• [Input material]
◇ ◇ ◇ ◇ ◇

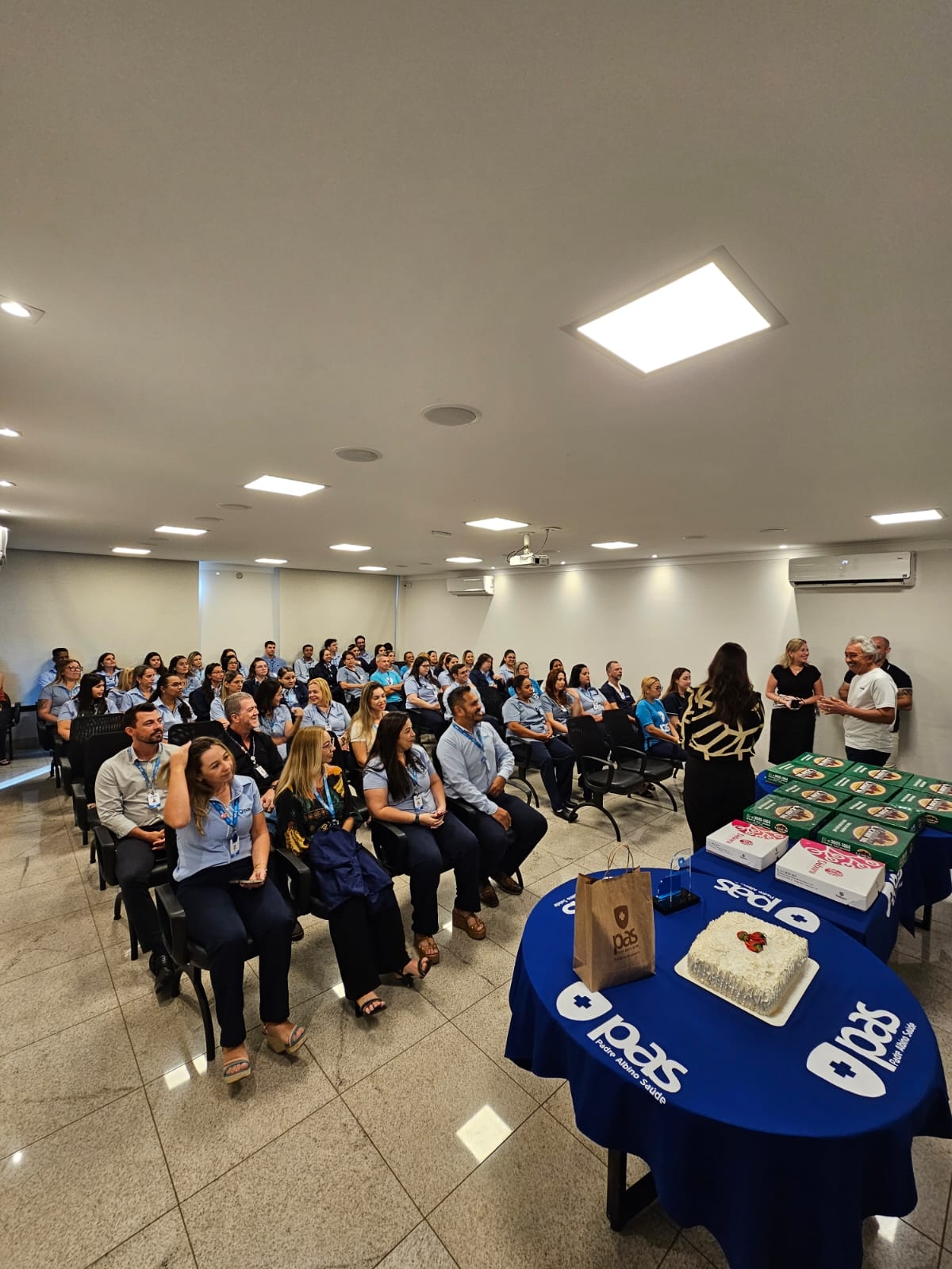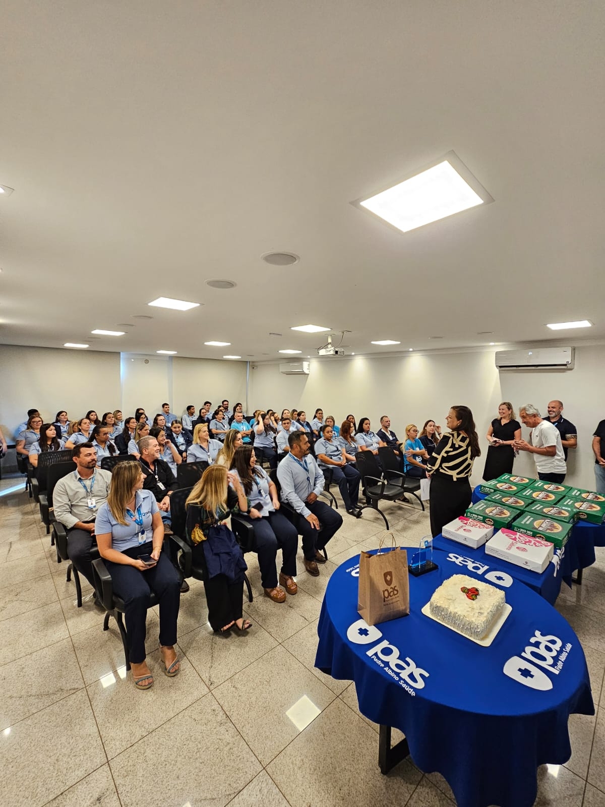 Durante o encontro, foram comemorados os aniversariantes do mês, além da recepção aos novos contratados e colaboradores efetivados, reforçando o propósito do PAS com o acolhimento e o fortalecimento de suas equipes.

◇ ◇ ◇ ◇ ◇

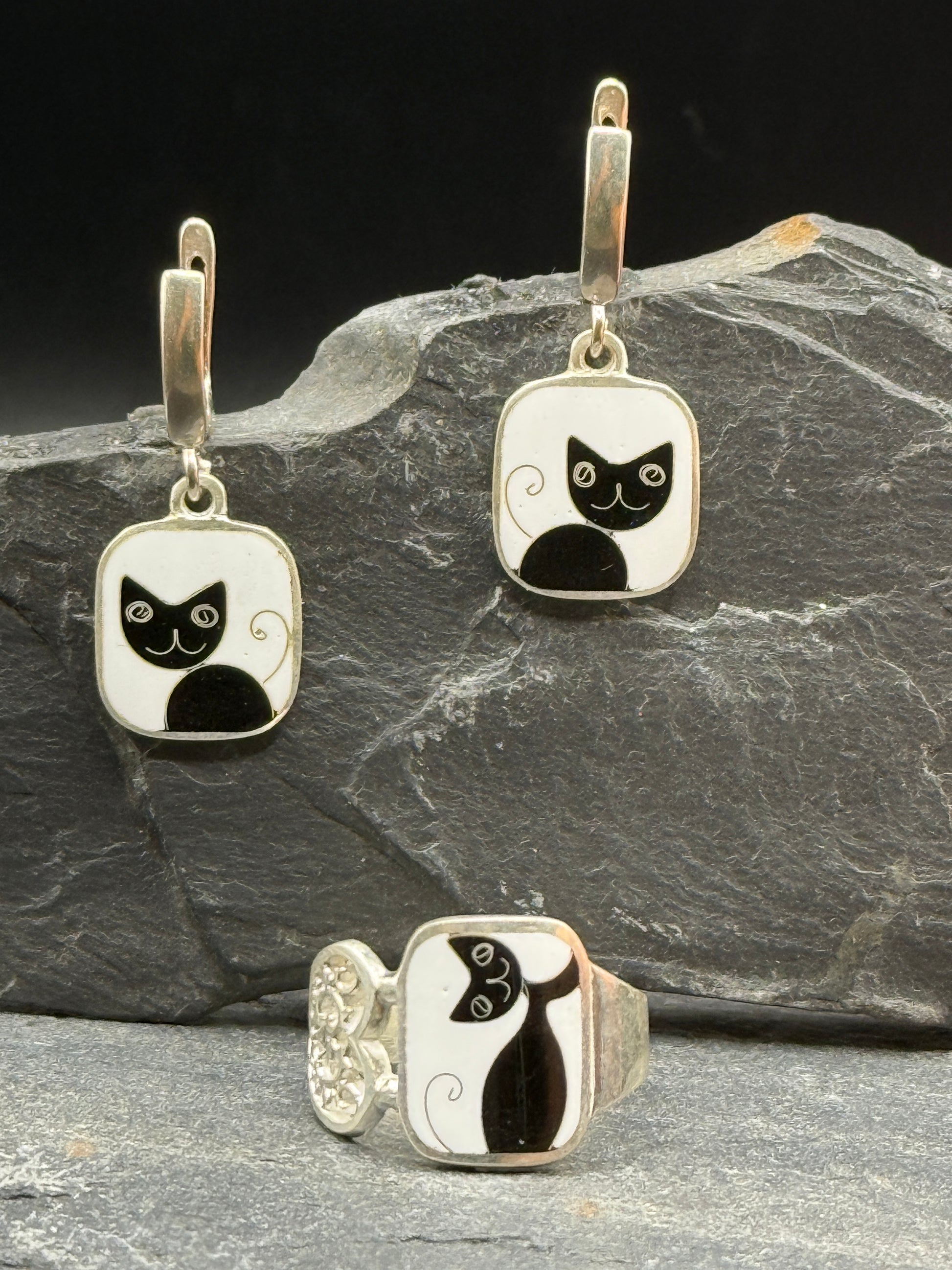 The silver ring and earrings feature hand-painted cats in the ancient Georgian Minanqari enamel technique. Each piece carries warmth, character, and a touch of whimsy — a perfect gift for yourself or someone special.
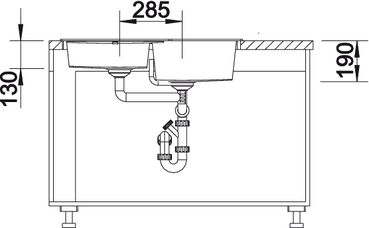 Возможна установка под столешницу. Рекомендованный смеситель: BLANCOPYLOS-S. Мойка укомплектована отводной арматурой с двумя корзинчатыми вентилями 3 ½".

◇ ◇ ◇ ◇ ◇

• [Description of the task] From the listing above, repeat only the lines between the line containing "The silver ring" and the line containing "Возможна установка под", those two included. Pictures are not part of the copy.

• [Output of the exercise]
 The silver ring and earrings feature hand-painted cats in the ancient Georgian Minanqari enamel technique. Each piece carries warmth, character, and a touch of whimsy — a perfect gift for yourself or someone special.
 Возможна установка под столешницу. Рекомендованный смеситель: BLANCOPYLOS-S. Мойка укомплектована отводной арматурой с двумя корзинчатыми вентилями 3 ½".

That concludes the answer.